There is no doubt that the advent of trail cameras has changed the way we scout. They give you the ability to see what is happening in your favorite hunting areas without having to spend hours in the field educating deer to your presence. It wasn’t all that long ago that hunters got excited about simply getting a few photos of deer, but now that they have been around for a while, cameras have become tools for intense scouting and even herd management.
Scouting with trail cameras in late summer requires different tactics than what you would use as the rut begins in late October and early November. For the most part deer will be a little less active and locating your camera as close to a regularly-used food or water source is paramount.

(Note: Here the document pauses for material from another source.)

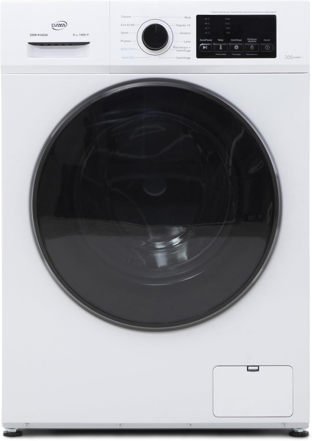 Daya DSW-91423A Lavatrice Carica Frontale 9 kg, 1400 Giri/min, Classe Energetica A, Motore BLDC Inverter, Programma Vapore, Baby Care, Partenza Ritardata, Controllo Touch, Colore Bianco

Bucks in particular limit their movement and will typically be found very near where they are feeding. During this time of year, aiming cameras over areas that typically produce for you during the rut will yield few results. We will cover using trail cameras during the rut in a future article as it requires a different approach.

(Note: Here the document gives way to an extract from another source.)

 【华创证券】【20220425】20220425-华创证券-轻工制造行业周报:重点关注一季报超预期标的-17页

Heavy trails leading from bedding to feeding areas tend to produce well as do natural pinch-points where deer have narrow areas of cover for getting around. Open areas that surround grain fields tend to serve as natural funnels and you can typically count on getting a lot of photos.

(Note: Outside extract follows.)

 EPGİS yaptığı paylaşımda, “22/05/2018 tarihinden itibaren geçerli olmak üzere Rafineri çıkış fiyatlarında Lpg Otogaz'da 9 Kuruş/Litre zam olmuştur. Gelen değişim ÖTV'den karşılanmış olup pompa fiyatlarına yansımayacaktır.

It is important to remember that early season scouting is most useful when simply trying to get a better understanding of the number and quality of deer on the property that you are hunting. While it can be helpful when trying to pattern deer on their feeding patterns, expect that very shortly into the season mature bucks will tend to deviate from their summer routines in favor of establishing their core areas that will also serve as fertile breeding ground. In other words, there is no need to panic when that trophy buck you have been getting photos of suddenly disappears. Chances are he didn’t go far, but has simply changed the way he uses the area he is living in. Remember, priorities steadily change for bucks from feeding to breeding as the calendar flips through mid-October through early November.
Do your best to fight the urge of checking your cameras too often so as to not educate the deer on your presence. Deer can become quite good at patterning the movements of people. In most cases you won’t want to set your camera in the exact spot that you plan to hunt from as minimizing human scent and activity will pay dividends. Long-life batteries are best to avoid camera failure, and in terms of the best cameras to use, the old rule-of-thumb of getting what you pay for applies.
Scouting with trail cameras has added a lot of excitement to scouting deer as it gives hunters a good understanding of the number and quality of deer available on the property they hunt. It also allows for focusing on a particular animal and limits the possibility of shooting an animal that you did not intend to due to the excitement of the moment. Hopefully this article will help increase your odds of success this season. And who knows? You might even end up with a photo of the trophy buck you eventually take later this fall adding even more excitement to the experience.